Garuda Therapeutics Receives $62M for Blood Stem Cell Therapy
Cambridge, MA-based Garuda Therapeutics closed a $62 million series B funding round to support its off-the-shelf, self-renewing blood stem cell technology.
Northpond Ventures, OrbiMed, Cormorant, Aisling Capital, Mass General Brigham Ventures and other “elite investors and individuals” are backing the biotech company.
The startup launched 15 months ago with $72 million in Series A funding, with the aim to use its cell therapy to potentially cure over 70 diseases. Since then, it has identified a further 50 which could benefit from stem cell treatment.
Its therapy uses proprietary hematopoietic stem cells, which will be faster and more effective, and lead to greater patient accessibility. Using a patient’s own depleted cells or finding a biological donor match is both costly and time prohibitive, according to the company.
CEO and co-founder Dhvanit Shah said the goal is to best the existing treatments by improving consistency, scalability, durability, availability of healthy donors and affordability.

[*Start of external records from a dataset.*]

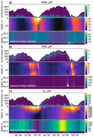 The simulation reproduces some general features of sea ice–water–sediment seasonal biogeochemistry connected with the seasonal production and decomposition of OM. Phytoplankton (one state variable in BROM) starts to bloom in the ice and below the ice during ice melting (see supplementary material). Phytoplankton blooms in the upper water column lead to a seasonal increase in dissolved organic matter (DON, Figure 5A, in nitrogen units), dead particulate organic matter (PON, Figure 5B, in nitrogen units), and dissolved oxygen (Figure 5C), followed by oxygen consumption in the lower water column/BBL and the generation of reduced forms of nitrogen (, ) at depth (Figure 6C). DON is incorporated into the ice during freezing, but since BROM only models the labile fraction at present, the model DON is rapidly oxidized and contributes little to OM in the upper ice layers (Figure 5A). Here, the main reduction agent is PON, which occurs in ice due to decomposition of zooplankton (Figure 5B). The modeled oxygen in ice is almost depleted (Figure 5C). In the upper sediments, oxygen is depleted almost year-round, indicating active redox processes in this domain.
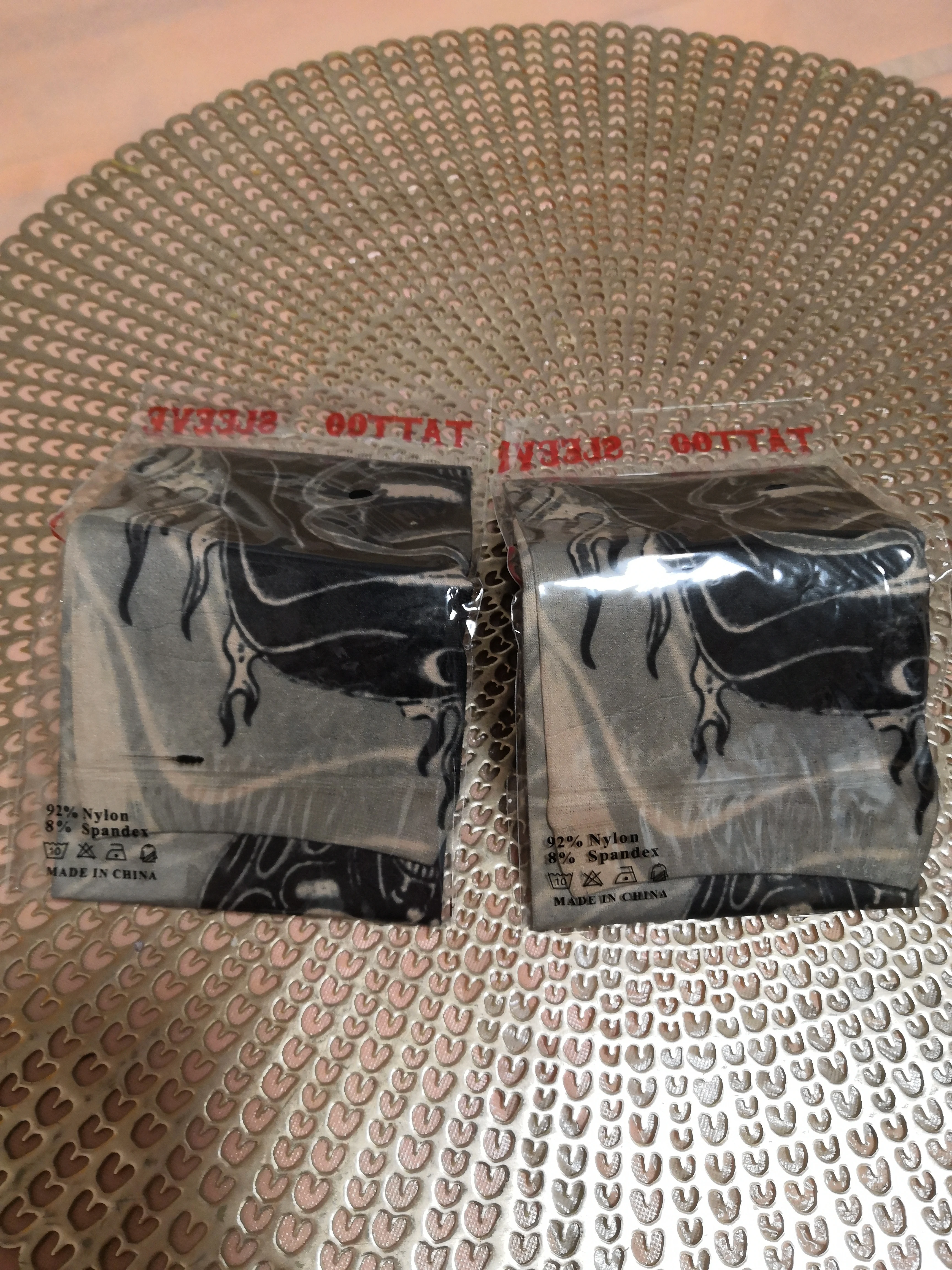 Рукава пришли по одной штуке. Качество печати и ткани отличное, но так как это спандекс, естественно они растягиваются и становятся не такими плотными. У меня худые руки, подошло. На крупные руки и тем более бицуху налезет с трудом, будет жать. В Украину за три недели
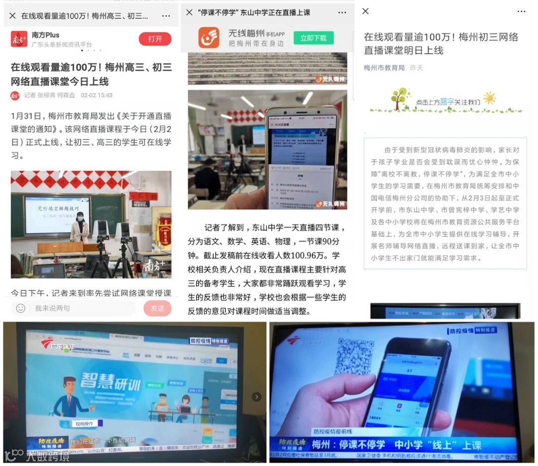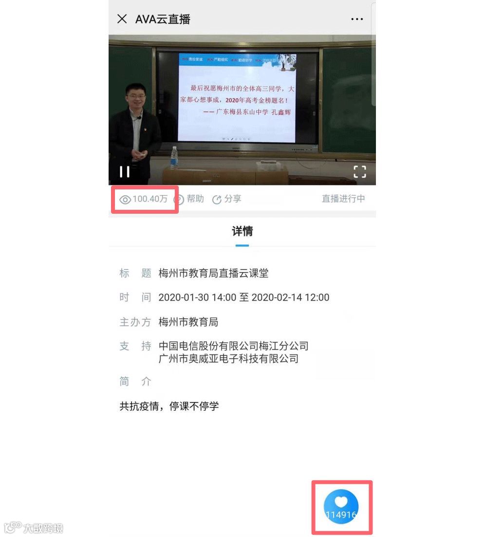 2月2日,为满足高三学生的备考需要,广东梅州市教育局组织开展“名师备考辅导网络直播活动”,通过奥威亚的录播设备及“名师直播支持服务”,向全市高三学生直播。一天内,东山中学共直播四节课,涵盖语文、数学、英语、物理。上午2节直播课结束之前,短短4小时内观课人次就已突破100万,观众点赞达11万。
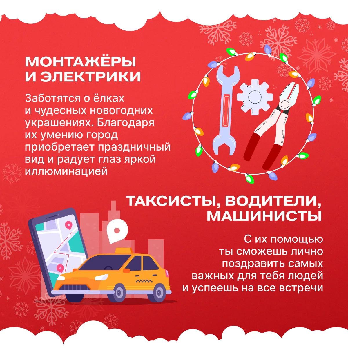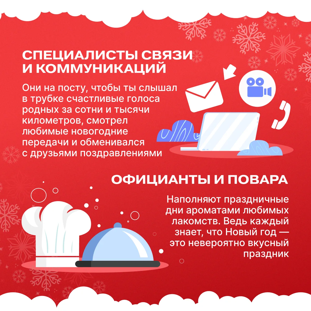 Для самоотверженных героев — врачей, полицейских, пожарных — трудовые будни продолжаются даже в канун главного зимнего праздника. Но есть ещё много представителей важных для общества профессий, чья работа создаёт ту тёплую атмосферу, за которую все любят Новый год.
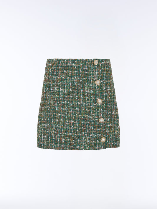 Pearl-Button Metallic Thread Bouclé Tweed Mini Skirt in Emerald Green
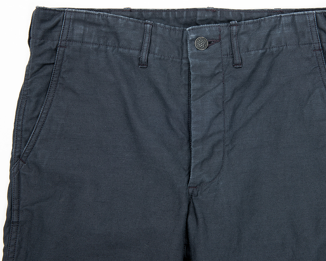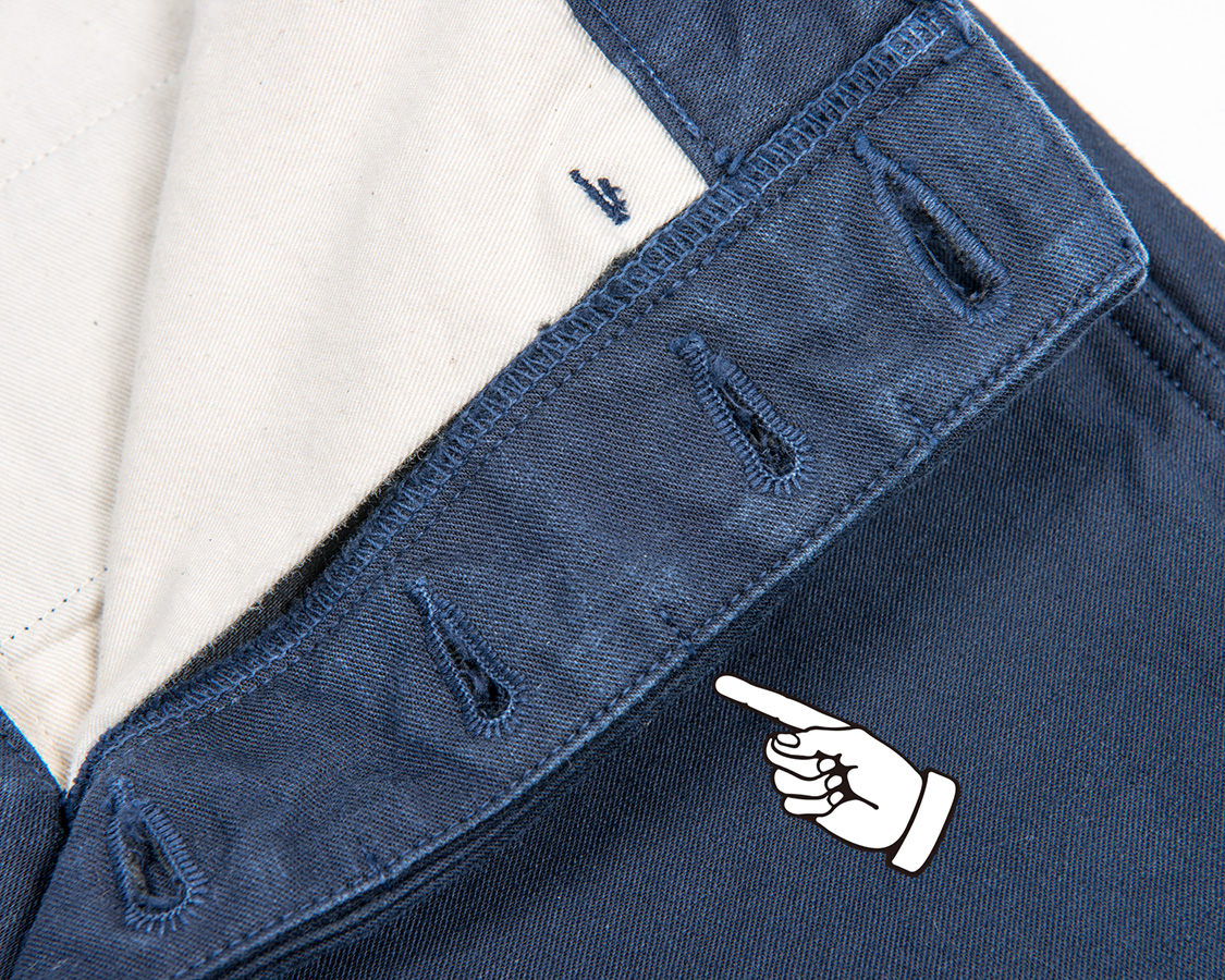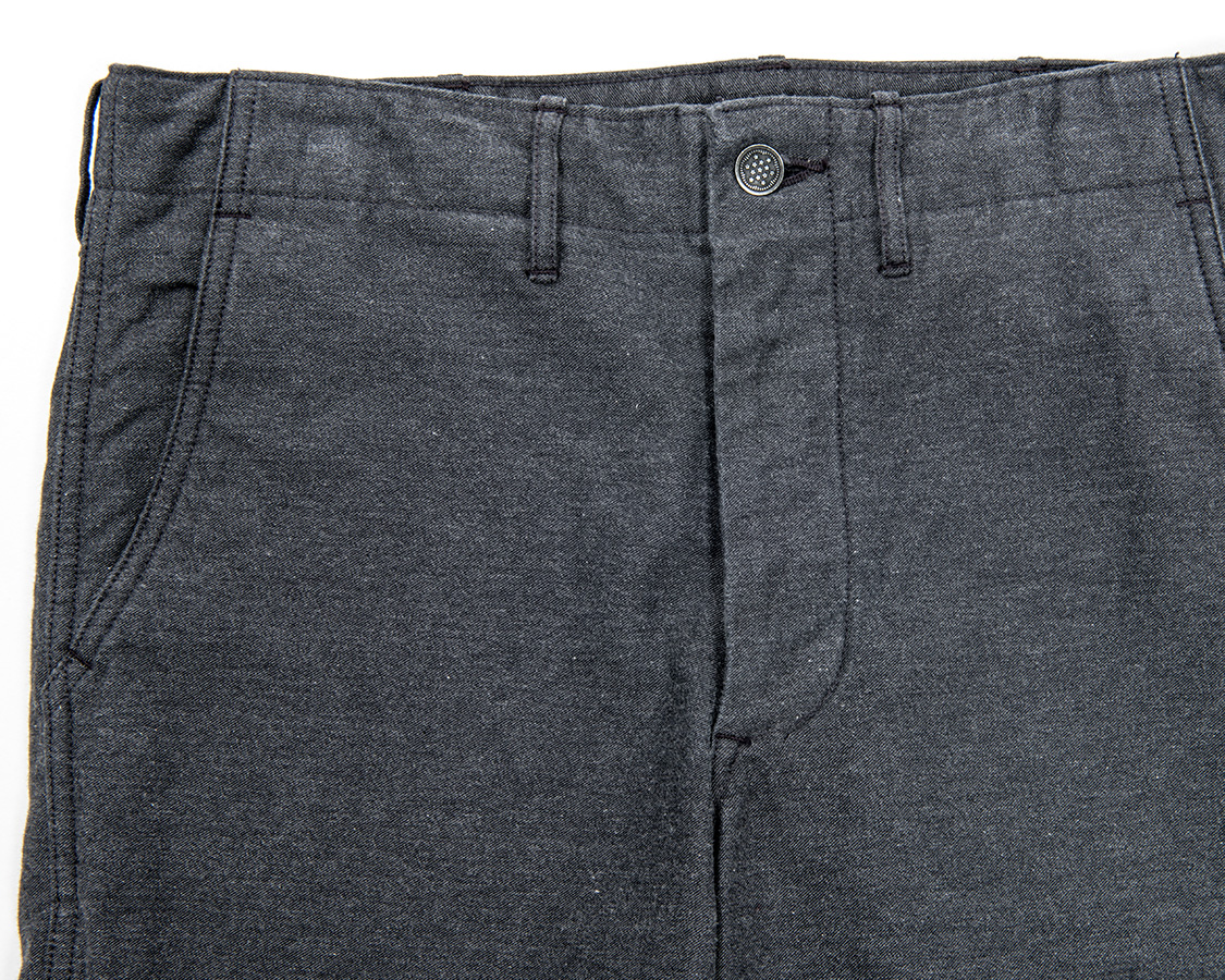 もともと「冬にはくチノパン的トラウザーズは・・・」と考えているうちに「風を防ぎ、適度な厚みのあるバックサテンはどうだろうか?」というアイデアを形にしました。
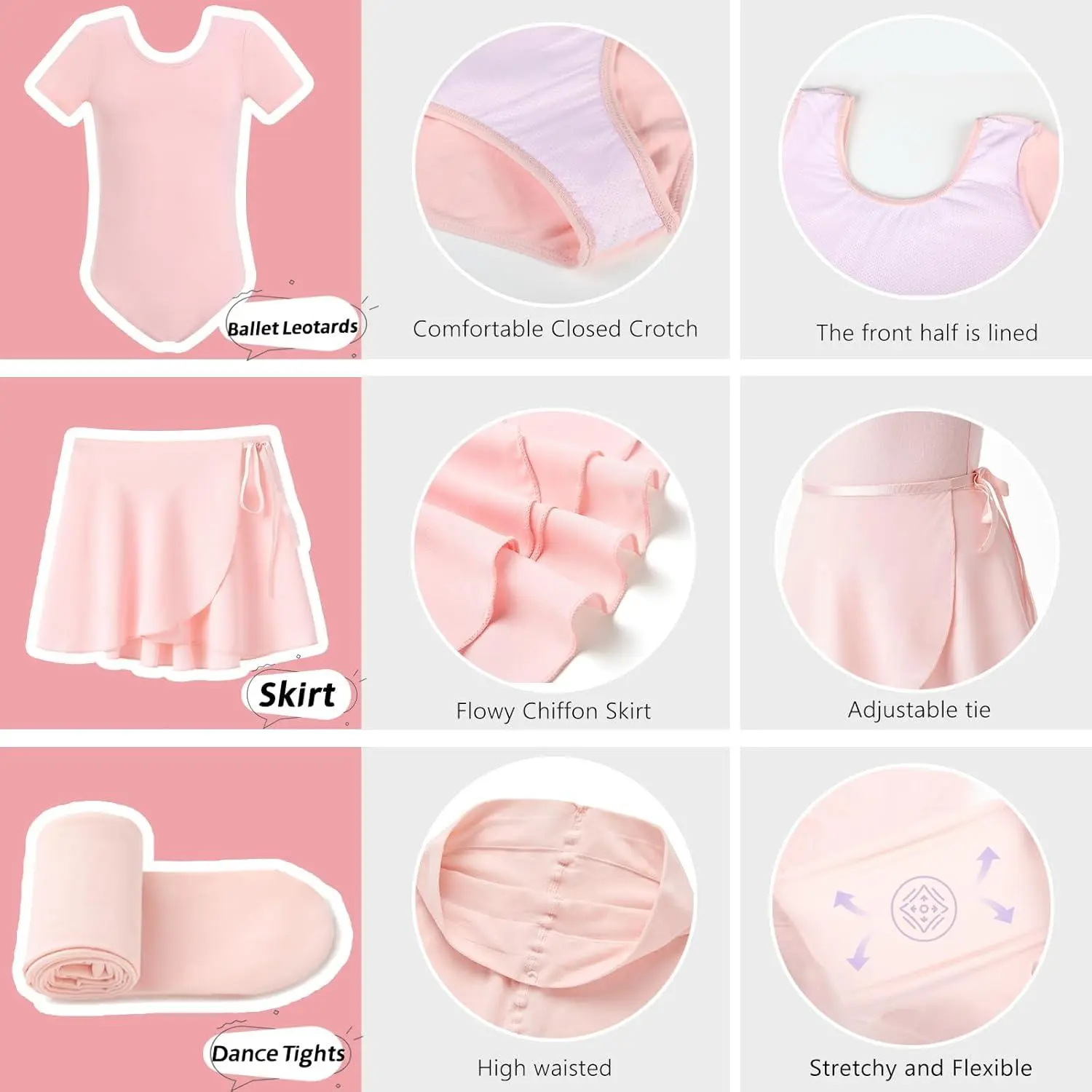 Girl's Ballet Leotard Dress Outfit with Skirt and Tights - Complete Toddler Dance Costume for Ballet Class Performance Recital Comfortable Stretchy Fabric Perfect for Young Dancers
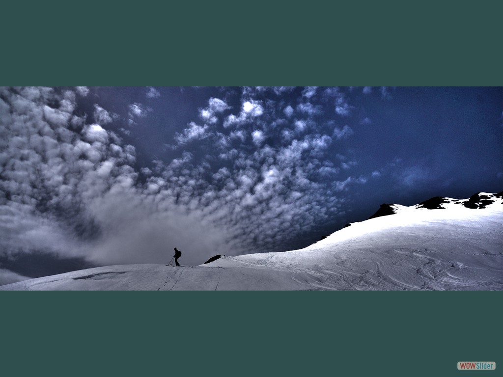 Direkt unterhalb des Gipfels bewegt man sich parallel unter einer gigantischen Wechte, das lässt sich allerdings kaum vermeiden.
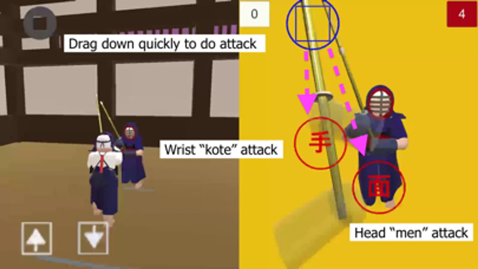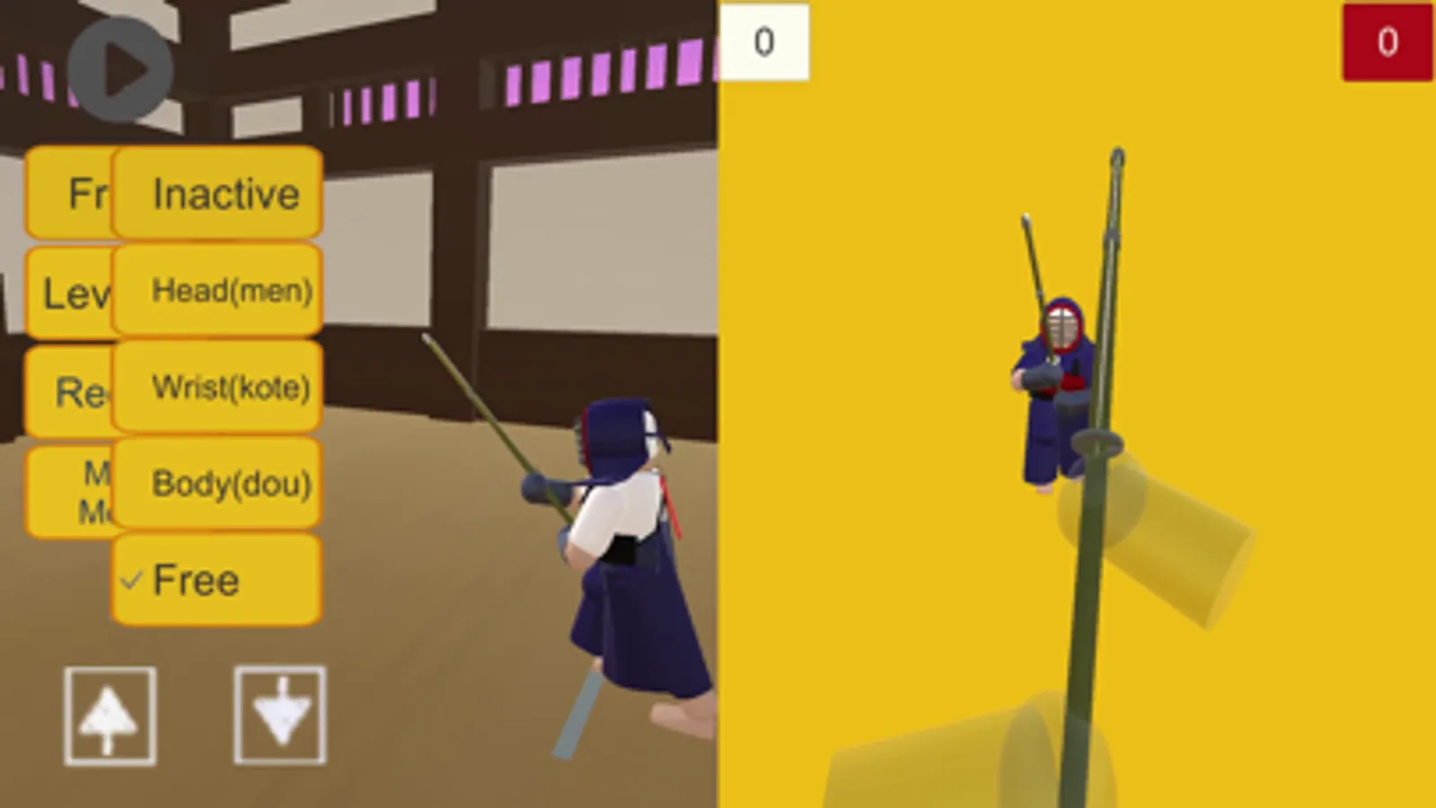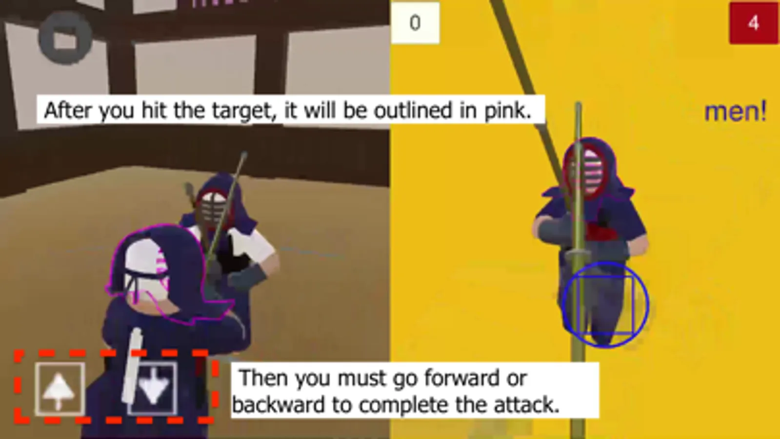 The 1-player room allows you to fight against the computer (you can change the level and the types of attacks that they use). Pressing and dragging on the point of view screen will cause your sword (shinai) to rise and you can move it to defend yourself. Raising it above your head will reveal target buttons for doing different attacks. To do the attack, you need to drag down quickly to the target button and your attack will be initiated. The “men” head button is in the center, and there is a “kote” button for each wrist. The “dou” body button is revealed when your finger is in the top left or top right part of the screen. If you hit the target with sufficient force, you will see its outline light up and you will hear your "kiai" scream. When that happens, you need to either move forward into (or backwards away from) your opponent to complete your attack and a win ("ippon") has been registered. When you win, the judges raise a flag that corresponds to the small piece of cloth on the back of your player ("tasuki").

Garuda added to its C-suite last year with the hires of technology chief David DiGiusto, who was previously CTO at biomanufacturer National Resilience, Roger Sawhney as CFO, which follows a similar role at mRNA biotech Omega Therapeutics, and James Desiderio as chief regulatory officer.
Cormorant managing director Raymond Kelleher joined the board, which also includes Shah, OrbiMed’s Carl Gordon, Aisling’s Eric Aguiar, Northpond’s Daniel Janse, Decibel Therapeutics CEO Laurence Reid and Resilience CEO Rahul Singhvi.